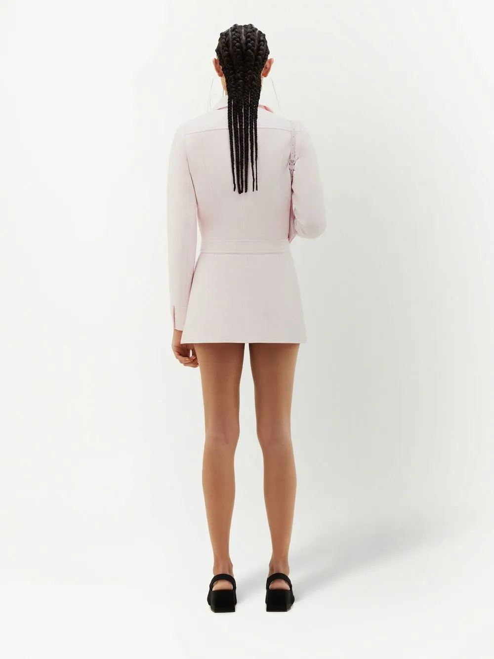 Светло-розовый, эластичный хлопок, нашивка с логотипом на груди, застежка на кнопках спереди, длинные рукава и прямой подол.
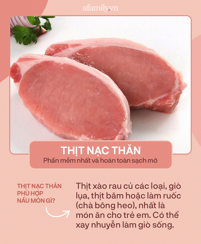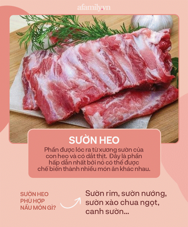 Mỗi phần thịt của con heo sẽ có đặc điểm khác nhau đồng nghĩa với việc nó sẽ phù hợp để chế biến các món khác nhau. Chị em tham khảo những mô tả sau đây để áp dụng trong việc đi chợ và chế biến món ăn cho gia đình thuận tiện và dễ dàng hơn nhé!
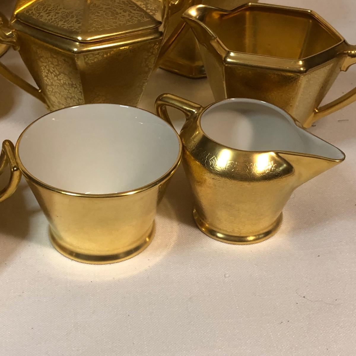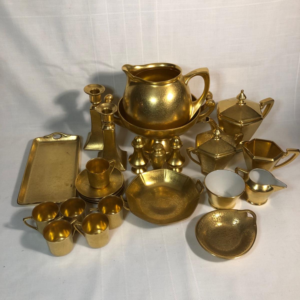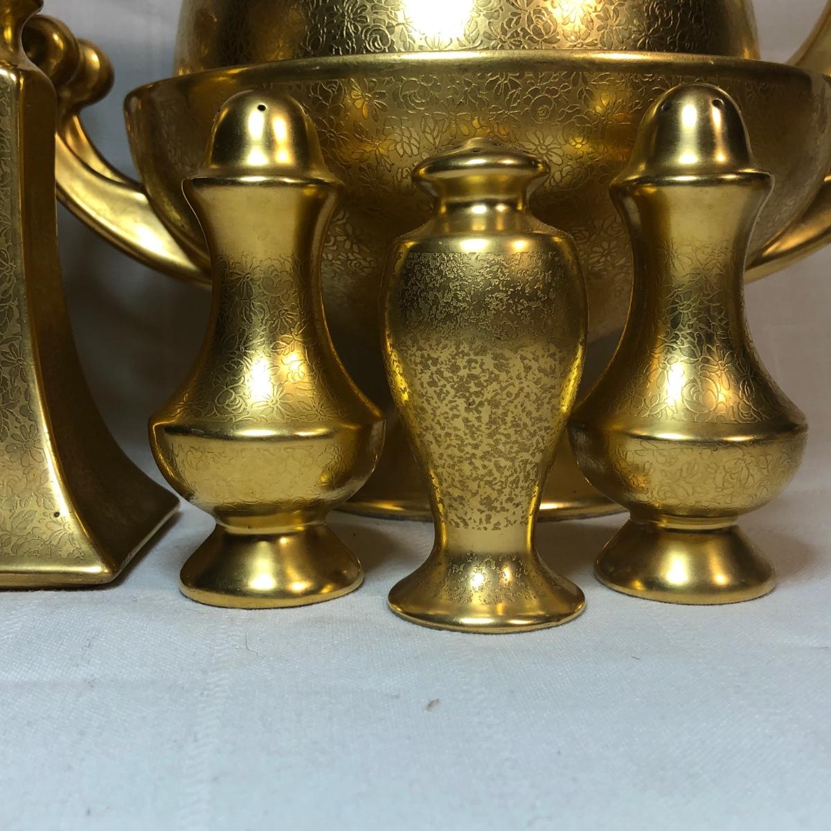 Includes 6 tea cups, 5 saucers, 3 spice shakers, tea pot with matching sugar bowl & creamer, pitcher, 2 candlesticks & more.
========
- [ASSIGNMENT]
Copy all the material above exactly, but skip each image.

- [PROBLEM SOLUTION]
 Светло-розовый, эластичный хлопок, нашивка с логотипом на груди, застежка на кнопках спереди, длинные рукава и прямой подол.
 Mỗi phần thịt của con heo sẽ có đặc điểm khác nhau đồng nghĩa với việc nó sẽ phù hợp để chế biến các món khác nhau. Chị em tham khảo những mô tả sau đây để áp dụng trong việc đi chợ và chế biến món ăn cho gia đình thuận tiện và dễ dàng hơn nhé!
 Includes 6 tea cups, 5 saucers, 3 spice shakers, tea pot with matching sugar bowl & creamer, pitcher, 2 candlesticks & more.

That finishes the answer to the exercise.